EXERCISE DATA:
________________________

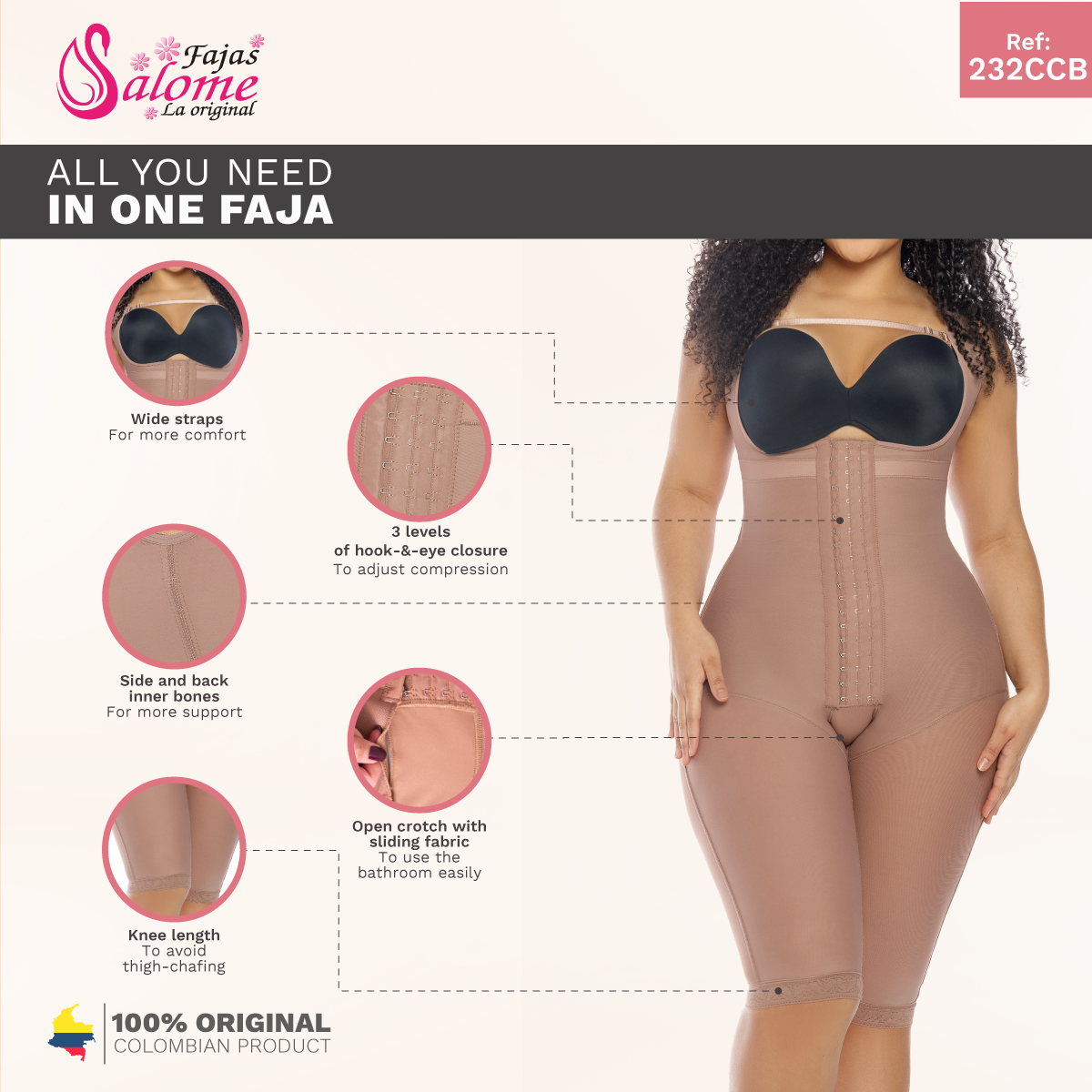 Get ready to shape your body with Salome 232-CCB Colombian Body Shaper. Its powerful fabric provides an unbeatable combination of shaping and compression tech to the upper, middle, and lower abdomen. Our shapewear will also effectively conceal back fat due to its high coverage – plus, it's recommended for post-operative recovery, postpartum, or daily use.
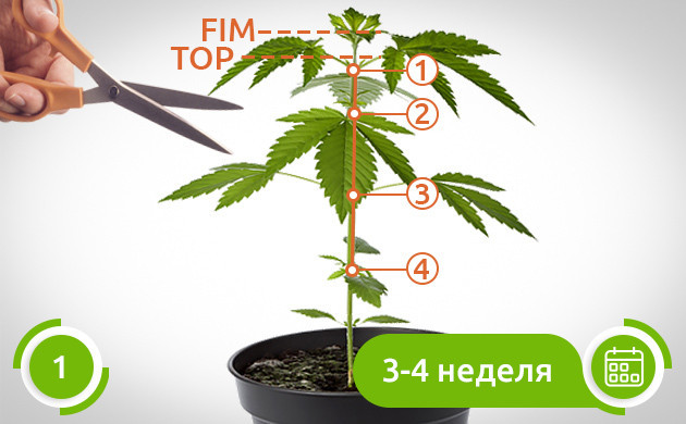 • Первый этап. Обычно это 3-4 неделя, когда на кусте уже сформировано 4 полноценных узла. Начинаем с обрезки верхушки растения по технике топпинг или фимминг. Эта манипуляция приостановит вертикальный рост и простимулирует формирование боковых ветвей.
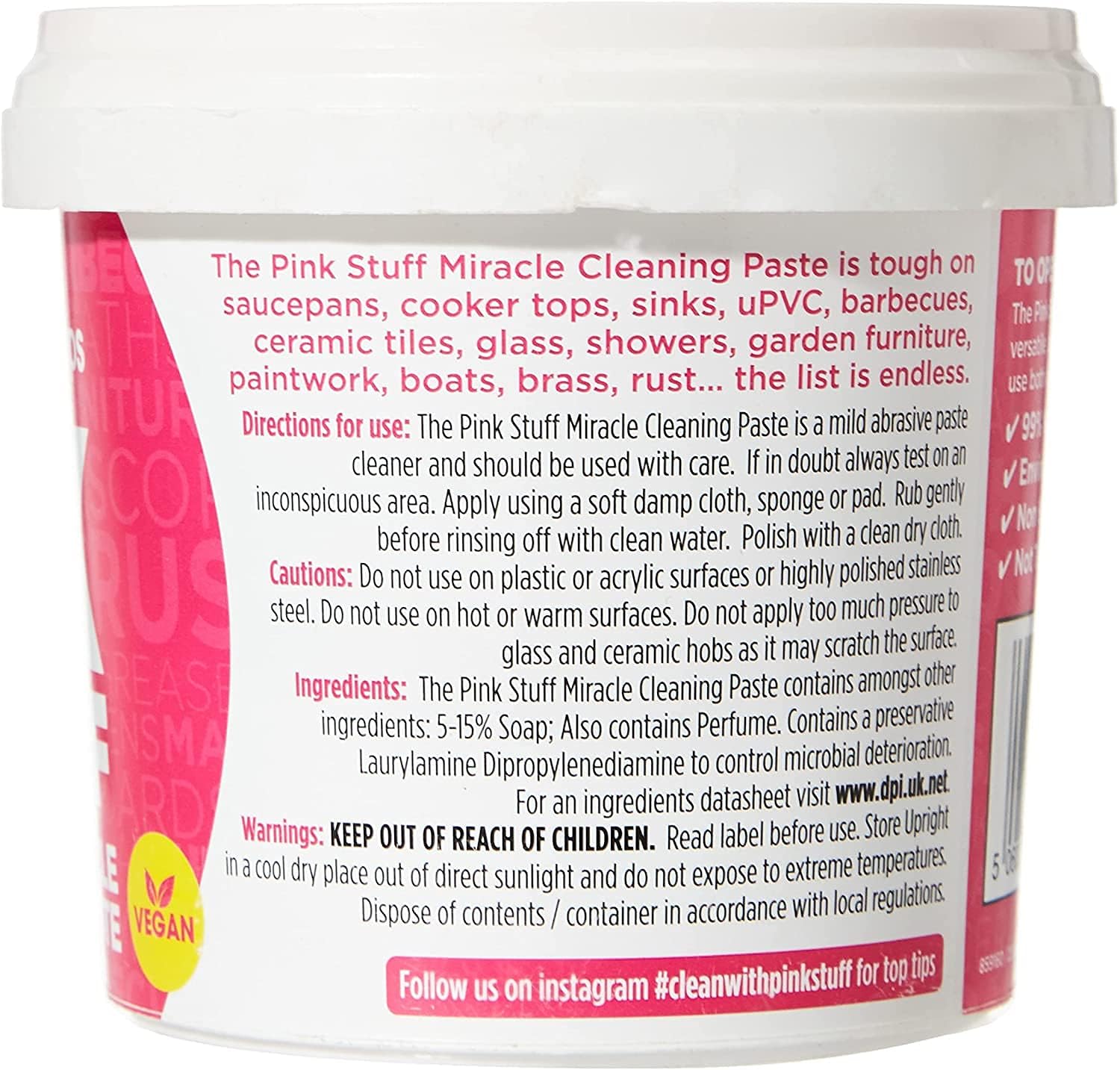 هل تبحث عن منتج يجمع بين الفعالية وسهولة الاستخدام؟ معجون التنظيف الجبار The Pink Stuff هو الحل الأمثل لتنظيف كافة الأسطح بكل سهولة. بتركيبته الفريدة، يمكنك إزالة البقع الصعبة، والشحوم، وحتى الآثار القديمة. جربه الآن وتمتع بأفضل نتائج التنظيف!
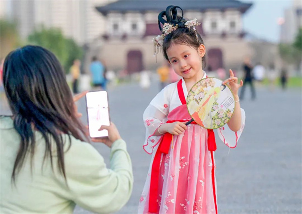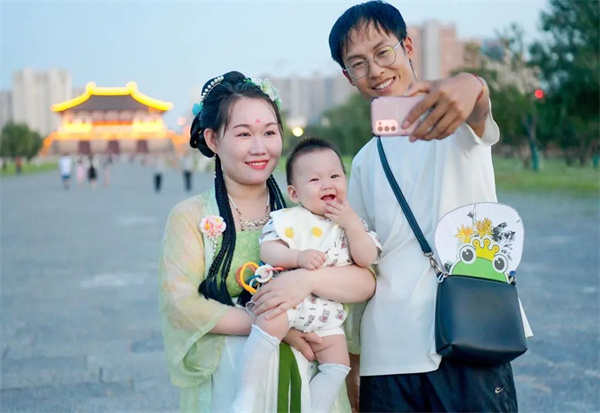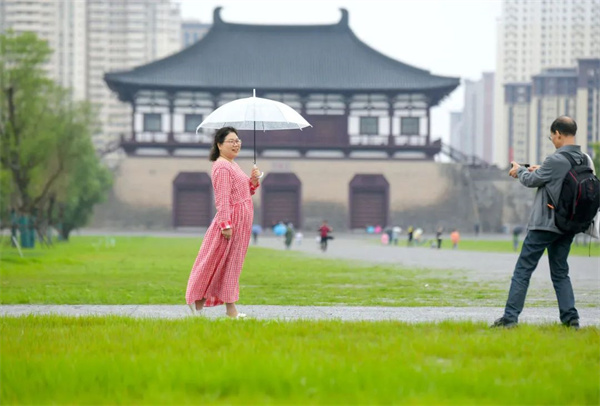在定鼎門城樓上登高北望,天街中軸線恢宏大氣,青蔥綠植點綴其間,隋唐洛陽城的城市軸線格局清晰再現(xiàn)。若你再定睛細(xì)看,還能在斗轉(zhuǎn)星移的氤氳時光中看到些許古人的浪漫。

________________________

TASK DESCRIPTION:
From the first line to the last, retype the data exactly, but omit every image.

TASK RESPONSE:
 Get ready to shape your body with Salome 232-CCB Colombian Body Shaper. Its powerful fabric provides an unbeatable combination of shaping and compression tech to the upper, middle, and lower abdomen. Our shapewear will also effectively conceal back fat due to its high coverage – plus, it's recommended for post-operative recovery, postpartum, or daily use.
 • Первый этап. Обычно это 3-4 неделя, когда на кусте уже сформировано 4 полноценных узла. Начинаем с обрезки верхушки растения по технике топпинг или фимминг. Эта манипуляция приостановит вертикальный рост и простимулирует формирование боковых ветвей.
 هل تبحث عن منتج يجمع بين الفعالية وسهولة الاستخدام؟ معجون التنظيف الجبار The Pink Stuff هو الحل الأمثل لتنظيف كافة الأسطح بكل سهولة. بتركيبته الفريدة، يمكنك إزالة البقع الصعبة، والشحوم، وحتى الآثار القديمة. جربه الآن وتمتع بأفضل نتائج التنظيف!
在定鼎門城樓上登高北望,天街中軸線恢宏大氣,青蔥綠植點綴其間,隋唐洛陽城的城市軸線格局清晰再現(xiàn)。若你再定睛細(xì)看,還能在斗轉(zhuǎn)星移的氤氳時光中看到些許古人的浪漫。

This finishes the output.